The Florida Panthers finished with 86 points in the 2006-07, again improving the point total (albeit by one point) from the previous season to the next. However, even another December to April run by the Panthers and Eddie the Eagle was not even enough to save them from the horrors of Alex Auld and November (rumors abound that Alan Cohen and the managing board of the Panthers are petitioning Gary Bettman to remove the month of November from the NHL schedule; No word on the NHL’s response, yet). As Olli Jokinen and Co. sat down for another long off season, there was a sense in the community that perhaps, the Panthers finally had a level headed GM with a plan. There were inklings of this throughout the 2006-2007 hockey season. Limiting players like Chris Gratton’s playing time due to inability to catch up to the new NHL, bringing up David Booth, and trading away Gary Roberts for one of the Penguins own rising stars, Noah Welch.

There was a clear need for the Panthers this offseason:

  • Get a good goalie.
  • Lock-up the core players to long term deals.
  • Add speed, grittiness, and depth to the roster.
  • Draft a bluechip defense prospect, and whatever else you can get.

    As the Panthers sister team, the Anaheim Ducks, marched to Stanley Cup glory (and thereby, ensuring the Cup spends another summer in the Sun Belt!) Jacques Martin, Randy Sexton, and all the boys set out to make their mark on this long suffering fan base’s thirst for stability and the playoffs.

The Panthers had several UFAs after the season ended. Among them included Jozef Stumpel, Ed Belfour, Martin Gelinas, and Ville Peltonen. The first domino to fall on the UFA list was Panthers forward Ville Peltonen. After a slow start last season, Peltonen became one of the more solid players on the team and showed the team they had a secret weapon (well, besides Steve Montador!) in shootouts. Pelts boasted 17 goals and 20 assists along with plus 7 rating. Most of his success came later in the year as he became more comfortable in the North American style and was finally healthy of his dislocated shoulder, suffered in training camp.

Quietly for the rest of May and the start of June, the Panthers began negotiating on a long term deal for the key core players identified by Martin, Sexton, and key offseason front office signing, Joey Nieuwendyk. Defenseman Bryan Allen, who paired with Jay Bouwmeester, would at times dominate opponents for long stretches when on the ice together.

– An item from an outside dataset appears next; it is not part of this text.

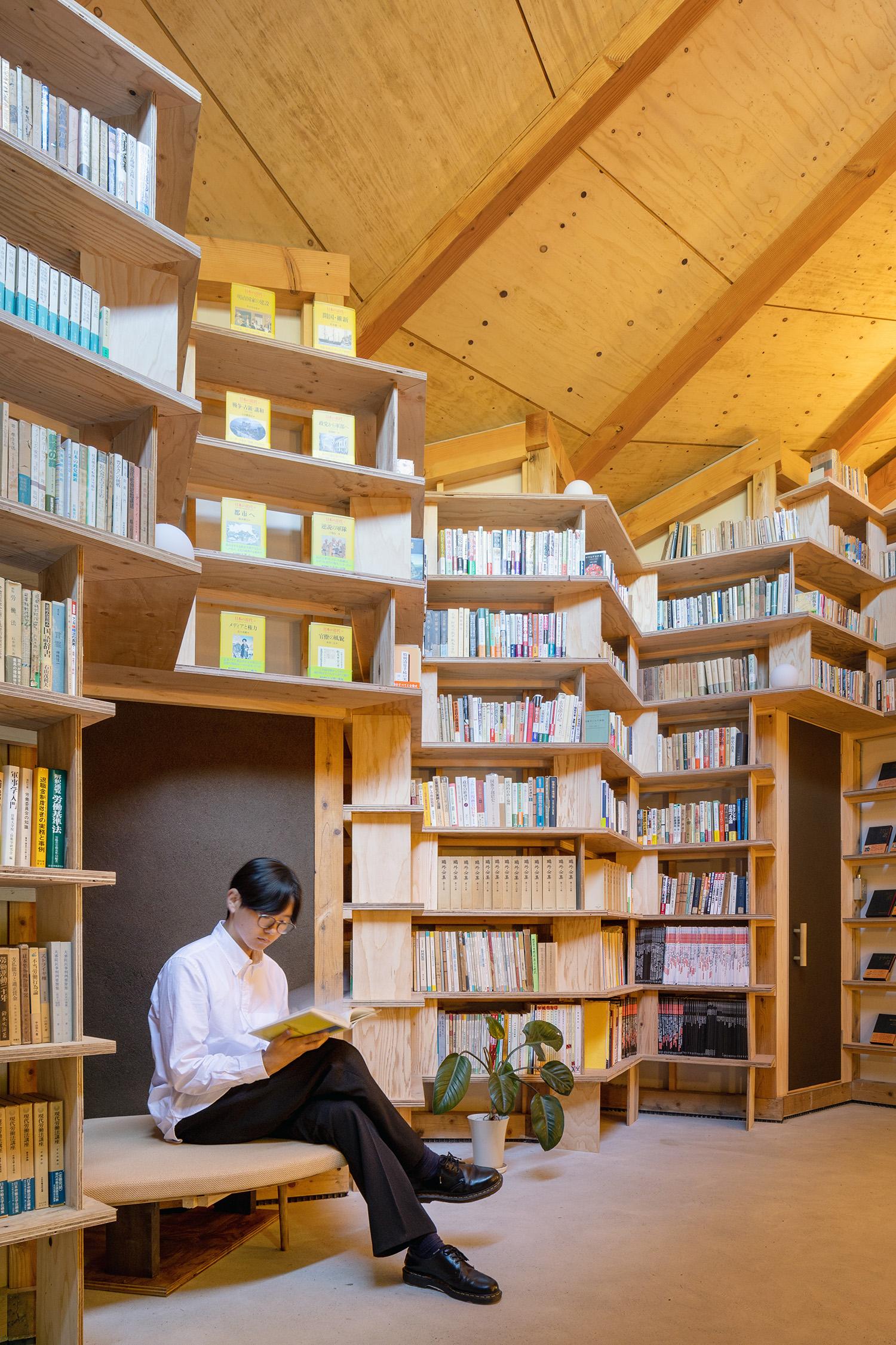 書庫は、この地に訪れたくなる動機付けのひとつとして、みんなが見に行きたくなるような特徴的なかたちの建物を提案した。コンパクトなスペースの中にできる限りたくさんの本が置けるよう、ジグザグの壁を巻貝のように囲い込み外壁の周長をかせぎ、内部に小さな閲覧スペースを設けた。

It was clear after the season ended that Bryan was a key component and the only validation left to trading away Roberto Luongo. In the middle of June Bryan signed for a 5-year deal worth about 14 million. Later on the same day, the Panthers traded Chris Gratton to the Tampa Bay Lightning for several draft picks. Not much more than a week later, Nathan Horton, who had again set new career highs in all his stats (31 goals, 31 assists, +15) signed for a 6-year deal worth $24 million, proving that not all GMs in this league are just there to throw money at bodies.

June 22nd, the evening of the 2007 draft: Several rumors are flying around attaching the Panthers to trading for players such as San Jose backup goaltender, Vesa Toskala and Anaheim backup goaltender, Ilya Bryzgalov. However, using a couple of the second round draft picks gained through trades (Bertuzzi to Detroit; Gratton to Tampa) and a first rounder in 2008, the Panthers picked up Nashville star goaltender, Tomas Vokoun. When the news broke, cheering erupted at the Panthers Draft Party. With a swift stroke, Jacques Martin had righted the wrong of the evil taskmaster, Mike Keenan.

The pieces began to fall into place. Jozef Stumpel signed a two-year deal worth about $5 million dollars or so and the Panthers didn’t qualify notable players like Alex Auld and Juraj Kolnik. The Panthers signed backup goaltender Craig Anderson to a two year, $1 million deal, thus assuring that Eddie the Eagle wouldn’t soar over Miami (and the requisite night clubs) anymore. On July 1st, the Panthers struck fast and hard, signing Richard Zednik and former Panthers first round draft pick Radek Dvorak to two-year deals respectively and signed former Avalanche centerman Brett Maclean to a three year deal. All three players not only added depth to the roster but speed, grittiness, and defensive responsibility. While the Panthers didn’t end up signing players like Daniel Briere and Slava Kozlov, they did add depth and chance deals. Both Dvorak and Zednik have the talent and ability to reach 20 goals again; however, if both aren’t healthy then the team will cut their losses with only two year deals. Maclean has the ability to post 15-25 goals consistently, and look for him to improve further under Jacques Martin’s system.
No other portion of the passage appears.